Bedtime For Toddlers: Tips for Smooth & Peaceful Bedtime
How to put an end to “the asks” at bedtime: When your toddler just wants “one more book, one more stuffy” and one more of everything!
Let’s face it. Toddlers are a TON of fun but they can be exhausting! They are constantly on the move, exploring, learning, processing new information and testing limits! Don’t feel bad if your little munchkin seems to be pushing the boundaries harder and harder everyday. This is what they are designed to do! It’s how they learn the rules and expectations – what’s appropriate and what’s not acceptable. Many families see this behaviour impact bedtime. Their 2.5 year old wants MORE and one last book is just never enough. One more sip of water, one more snack, one more song, one more hug, one more trip to the bathroom, etc. Has your bedtime routine escalated into a non-stop routine of “the asks” where “just one more” never actually really one more? Don’t worry. This is normal toddler behaviour.

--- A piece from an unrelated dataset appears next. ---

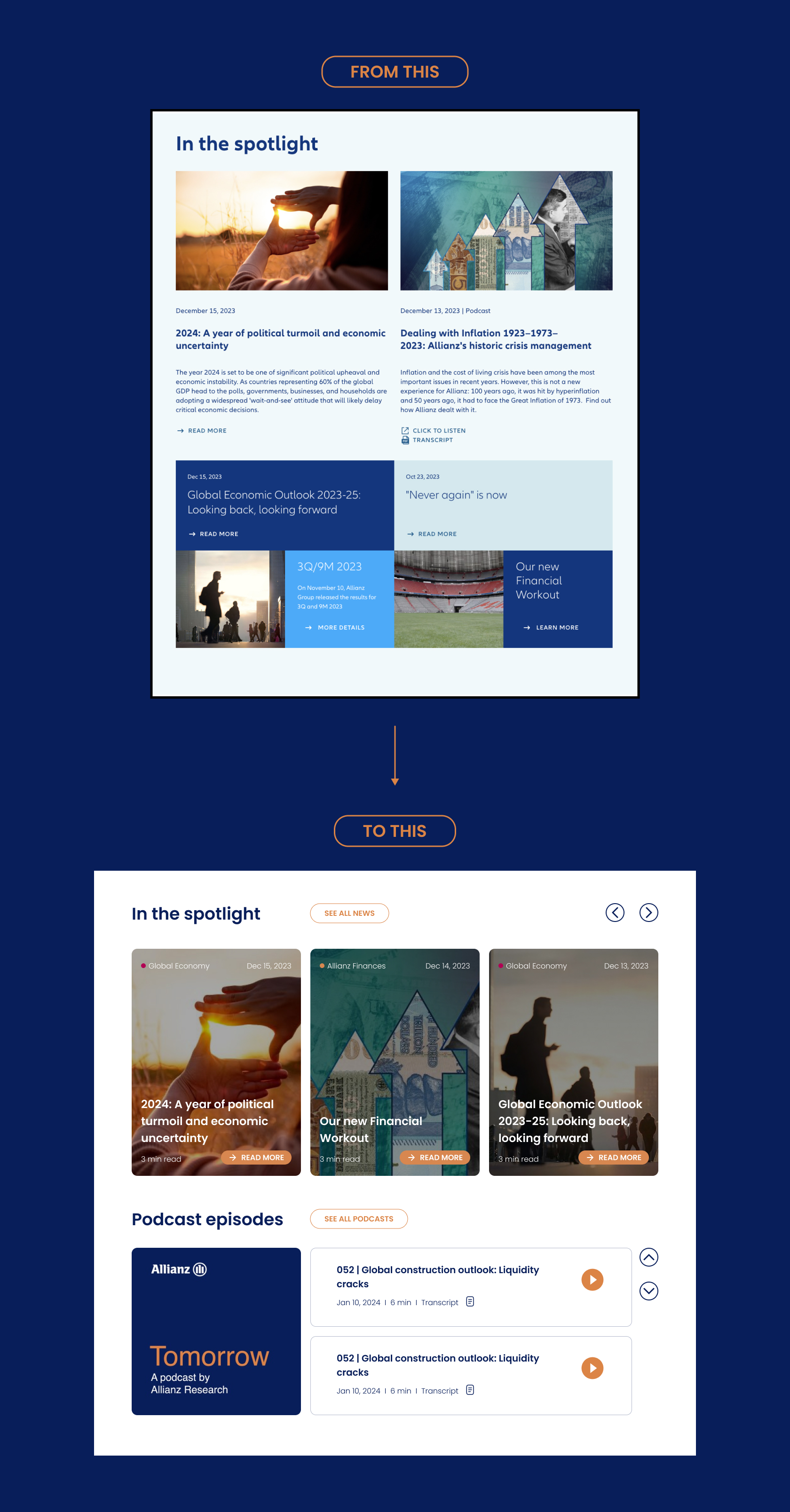 - Summary: Creation of an intuitive digital experience that helps users discover the diverse news in the Newsfeed section of Allianz group.

There are ways to get back to a simple but loving bedtime routine for these demanding and persuasive little monkeys. Here are my tips to help keep bedtime under control so that it doesnt feel like a never-ending battle.
1) Make a Bedtime Routine Chart: This can be as simple or fancy as you like. On cardboard/poster board write out 5 basic bedtime activities that take place. You may decide to include visuals. This can be cut out images/pictures or just basic stick drawings. This might help your non-reader understand the sequence. Go over the chart with your toddler each night before bedtime so they are clear on the expectations around bedtime. As you are going through the routine, refer back to the chart to show your child what they have accomplished! Go through the chart together so that your child feels as though he has some responsibility in completing the routine.
Snack/water + Brush Teeth
Cuddles + Bed Lights Out
2) Offer “Last Call”: If you know what your child typically asks for around bedtime, give them a chance to do these things one last time before bed. Make it clear that this is their last chance. “Ok, this is the last chance before sleep time to have a drink of water” or ” Let’s try going to the bathroom one last time before bed” or “Here is one last huge bear hug before sleep time.” Give your child the opportunity to have these things, but make it clear that these activities will not just go on and on.

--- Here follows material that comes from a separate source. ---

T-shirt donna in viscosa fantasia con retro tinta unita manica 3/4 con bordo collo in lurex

3) Give your child some choice: We want our little children to feel independent and empowered, but if their choices are too open-ended they may end up feeling out of control. Offer your child some choices but keep the options limited so that they can happily and easily make a decision without getting overwhelmed. ” Here are 2 pairs of pajamas. Which ones are you going to choose tonight? The tiger ones or the car ones?” or ” We only have time to read 3 books tonight but you can choose any 3 books you like from this pile!” Young children love to feel as though they were a part of the decision making and this is a nice way to provide choices but still keeps things within managable boundaries.
4) Communicate: Whenever you are making changes to sleep or are trying to implement some new bedtime rules, make sure you talk to your child about the changes or what it is you expect from him/her at bedtime. Even if they are not very verbal, they can understand quite a lot, and communicating with them is much more effective then just changing something and having them feel alarmed and therefore frustrated. Often, if the rules or expectations have been explained using simple language before hand, the child is much more willing to cooperate because they do not feel surprised but rather they have had time to process the new rule/change. “Tonight, bedtime is going to be a little bit different. We are only going to have 1 snack before bed and when we are finished we will brush our teeth and then get into bed for a cozy story”

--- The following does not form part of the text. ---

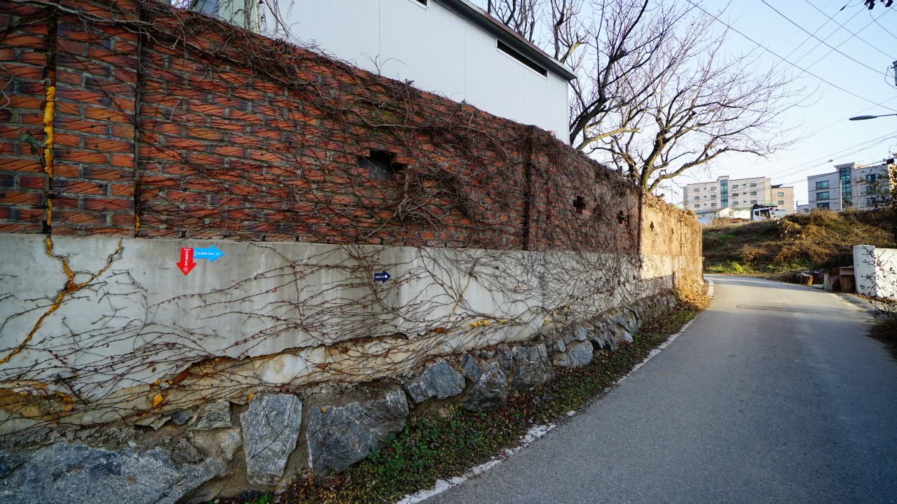 골목길에 진입, 벽돌담에 친절하게 붙여놓은 길안내 화살표,

5) Consistency: A lot of sleep work comes back to being consistent and this is so very true when it comes to dealing with toddlers who can be extremely determined. Decide on your limits, what the bedtime routine will clearly look like, and stick to your guns! Toddlerhood is a time to explore and test boundaries and when we are inconsistent (we say no, but then after tantrum our no turns into a yes) our little smarty pant picks up on this inconsistency rather quickly and remembers this for next time. However, if we can be firm and teach our child that when Mommy or Daddy says no that that is what they mean, our children feel more secure and less frustrated because they begin to learn exactly what to expect and thrive off this sense of predictibilty and stability.